(Task details):
From top to bottom, print the listing word for word and skip any pictures it contains.

(Available data):
══════

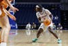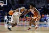 Florida guard Alexia Dizeko (9) dribbles during the first half of an NCAA basketball game against Texas, Thursday, Jan. 29, 2026, in Gainesville, Fla.
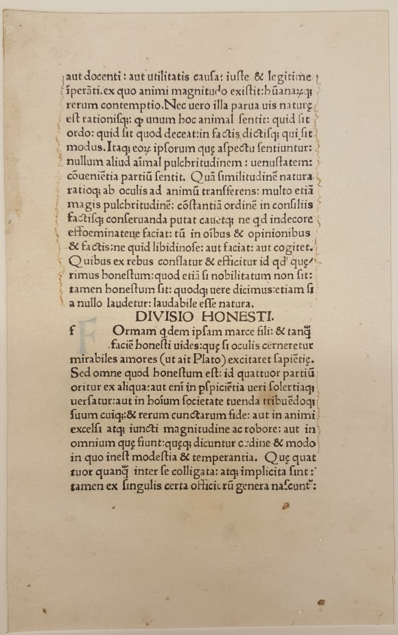 Gutenberg worked primarily in Mainz, a city in modern-day Germany. Soon thereafter a robust trade in printing emerged in Venice, where deep Italian pockets bankrolled book production for generations. Two Bavarian brothers, John and Wendelin de Spire, established one of the first presses in Venice in 1469. The incunabula leaf pictured here was printed by Wendelin in 1472 and is from an edition of Cicero’s On Duty.
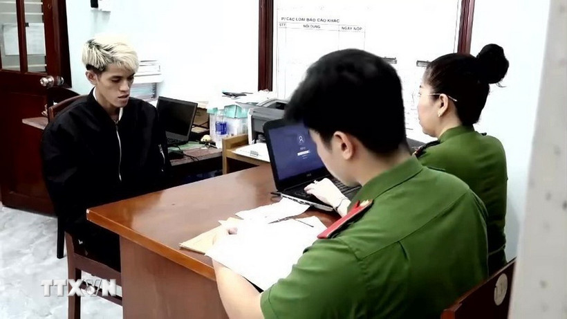 Đối tượng Nguyễn Hữu Đức tại cơ quan công an. (Ảnh: TTXVN phát)

══════

(Written reply):
 Florida guard Alexia Dizeko (9) dribbles during the first half of an NCAA basketball game against Texas, Thursday, Jan. 29, 2026, in Gainesville, Fla.
 Gutenberg worked primarily in Mainz, a city in modern-day Germany. Soon thereafter a robust trade in printing emerged in Venice, where deep Italian pockets bankrolled book production for generations. Two Bavarian brothers, John and Wendelin de Spire, established one of the first presses in Venice in 1469. The incunabula leaf pictured here was printed by Wendelin in 1472 and is from an edition of Cicero’s On Duty.
 Đối tượng Nguyễn Hữu Đức tại cơ quan công an. (Ảnh: TTXVN phát)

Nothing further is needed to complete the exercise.